The Kirklin Clinic at the University of Alabama at Birmingham is the only entity in the state selected by the American Association of Diabetes Educators (AADE) as part of the National Diabetes Prevention Program. The program offers adults 18 and older considered most at risk for type 2 diabetes – those with a body mass index greater than 24 — an evidence-based program that can help prevent or delay the onset of type 2 diabetes through lifestyle changes.
Those who may be at risk of developing type 2 diabetes are encouraged to visit uabmedicine.org/PreventDiabetes and sign up to be part of the AADE National Diabetes Prevention Program at UAB. The website offers a video about the program and an online quiz to help visitors determine their risk.
In addition to age and BMI requirements, those who have had a blood test within the past year indicating prediabetes are eligible. Also, women with a history of gestational diabetes may be eligible, as are Asian men and women with a BMI greater than 22.
“As the number of Americans with prediabetes grows, we face the certainty of increasing disease, disability and health care expense,” says Terri Brennan, diabetes and nutrition education supervisor at The Kirklin Clinic. “That’s especially true here in Alabama where we have an obesity epidemic. The National Diabetes Prevention Program offers a proven approach to delaying or preventing the onset of type 2 diabetes through modest lifestyle changes made with the support of a coach and one’s peers.”
Type 2 diabetes is the most common form of diabetes, a serious disease in which blood glucose (sugar) levels are above normal. Too much glucose in the body can lead to health issues, including heart attack, stroke, blindness, kidney failure or loss of toes, feet or legs.

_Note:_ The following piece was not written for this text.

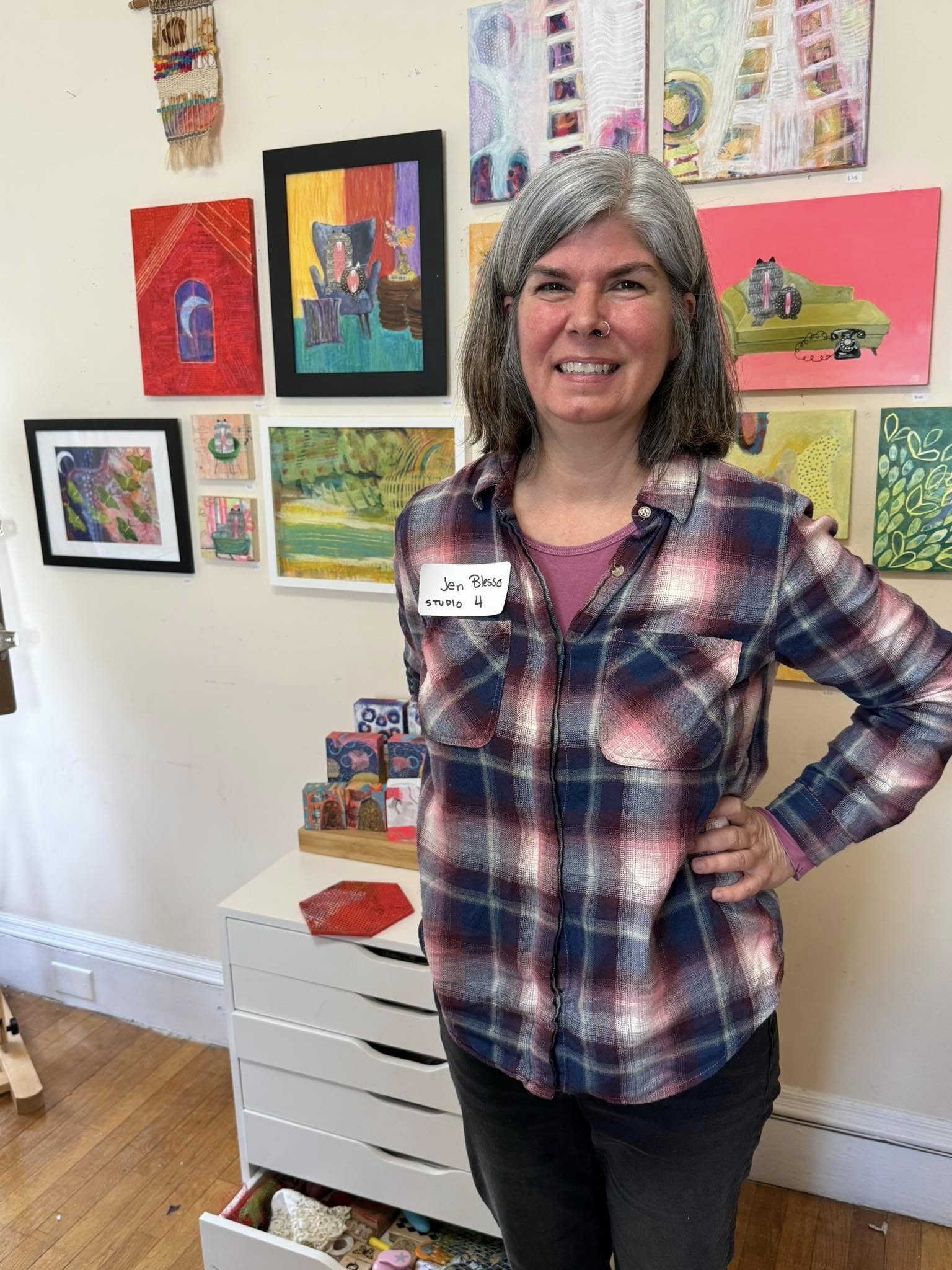 Jennifer Blesso will be displaying paintings and mixed media works

Prediabetes is an elevated blood glucose level that is not quite high enough to be diagnosed as diabetes. A third of American adults have prediabetes, and many do not know they have it. The Centers for Disease Control and Prevention, which sponsors the National Diabetes Prevention Program, says more than 10 percent of people with prediabetes will develop type 2 diabetes within three years.
“Because early treatment can prevent you from developing type 2 diabetes, it is important to find out early if you are at risk,” Brennan says.
Participants in UAB’s program will meet as a group with a trained lifestyle coach and learn how to make changes to help prevent or delay the onset of type 2 diabetes. These changes include losing a modest amount of weight, being more physically active and managing stress.
“The group setting provides a supportive environment with people who are facing similar challenges and trying to make the same changes you are,” Brennan says. “Together, you can celebrate successes and figure out ways to overcome obstacles.”
Groups meet once a week for 16 weeks, then once a month for six months. The curriculum for the program is based on research that found people can cut their risk of developing type 2 diabetes in half by losing five to seven percent of their body weight (about 10 to 14 pounds for a person weighing 200 pounds) through improving food choices and increasing activity to at least 150 minutes per week.